'I've always loved this country - my island home!' said Sniddlegrass, who grew up in Cockfosters, England and moved to Australia less than a year ago. 'A burning country, a land of sweeping drains, of rugged Mountain Rangers!'
Sniddlegrass is running as a candidate for the newly-formed Cauldron Party, whose manifesto promises 'a horse in every barn, a cauldron in every kitchen'. So far, he appears to be the only candidate the party is fielding for this election, which may hurt their chances of gaining the majority needed to form government.
'Julia Gillard may be Australia's first ginger prime minister, but I will be Australia's first elected ginger prime minister,' said the be-quiffed redhead. 'It's time we ended the era of female prime ministers and let a man have a go for once!'
Pundits were quick to weigh in on his chances.

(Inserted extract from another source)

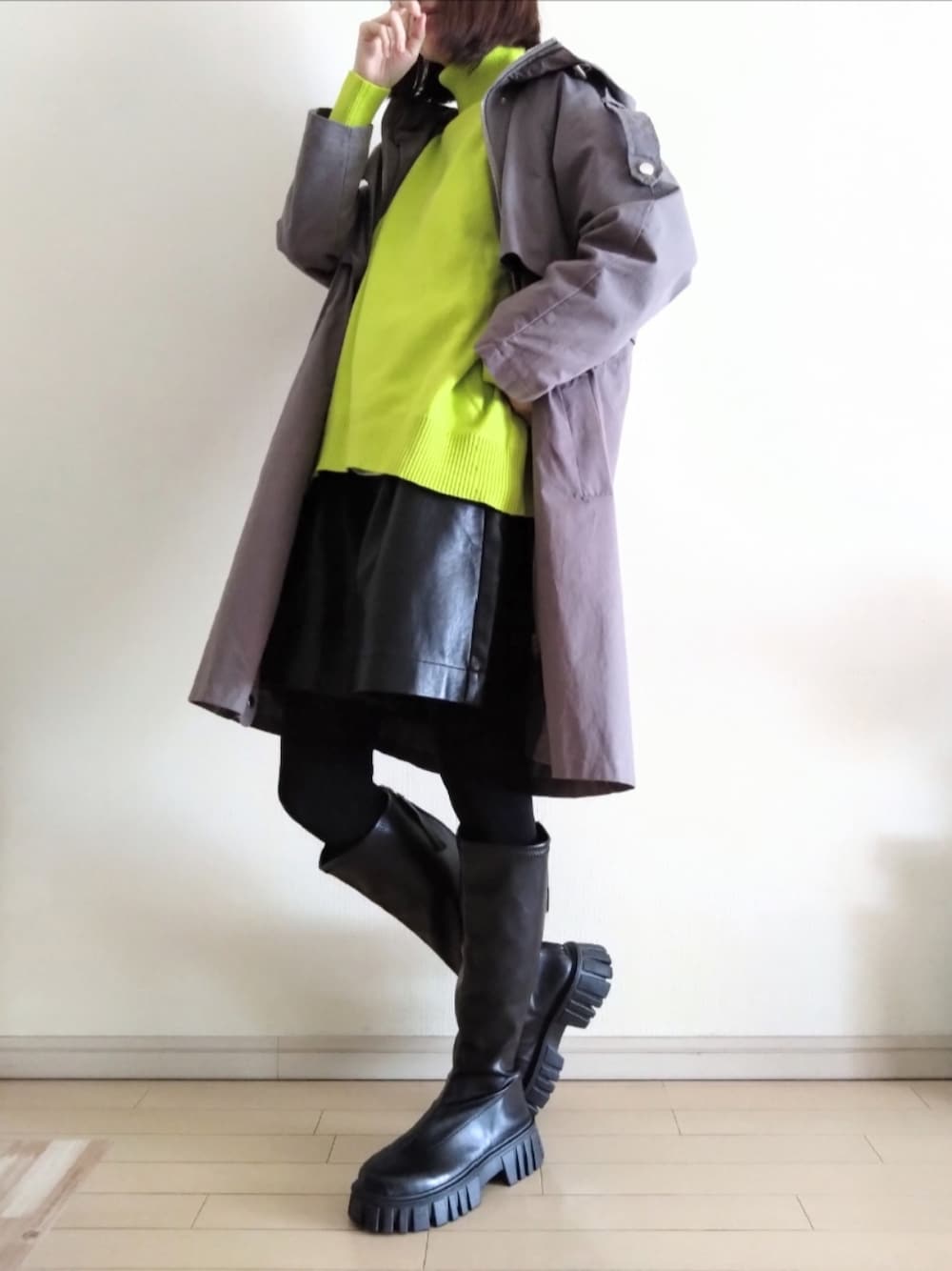 kazaneのトレンチコート「ミリタリージャケット/ミリタリーコート/ウエストマーク/ロング丈トレンチコート」を使ったコーディネート

'He's got some forthright views,' explained veteran Channel 9 commentator Laurie Oakes, 'and those may hurt him in some areas. But he's been right out there in front on some issues. He was the first to say 'tough on penguins, tough on the causes of penguins', although he wouldn't explain what that actually meant when I asked him'.
Sniddlegrass took questions for a total of ninety minutes at the end of the press conference, most of them from Mark Latham, whose constant entreaties to the candidate to "call Rudd a snotty little douche" went unanswered.
In response to a question on immigration, Sniddlegrass had this to say: 'We will stop the stoats! I've had enough of this country being overrun by stoat people and my ban on human-animal hybridization should put a stop to that!'
The campaign released this commercial to media this afternoon:
Benjamin Sniddlegrass is currently polling third as Preferred Prime Minister - ahead of Tony Abbott, but behind Julia Gillard and P!nk.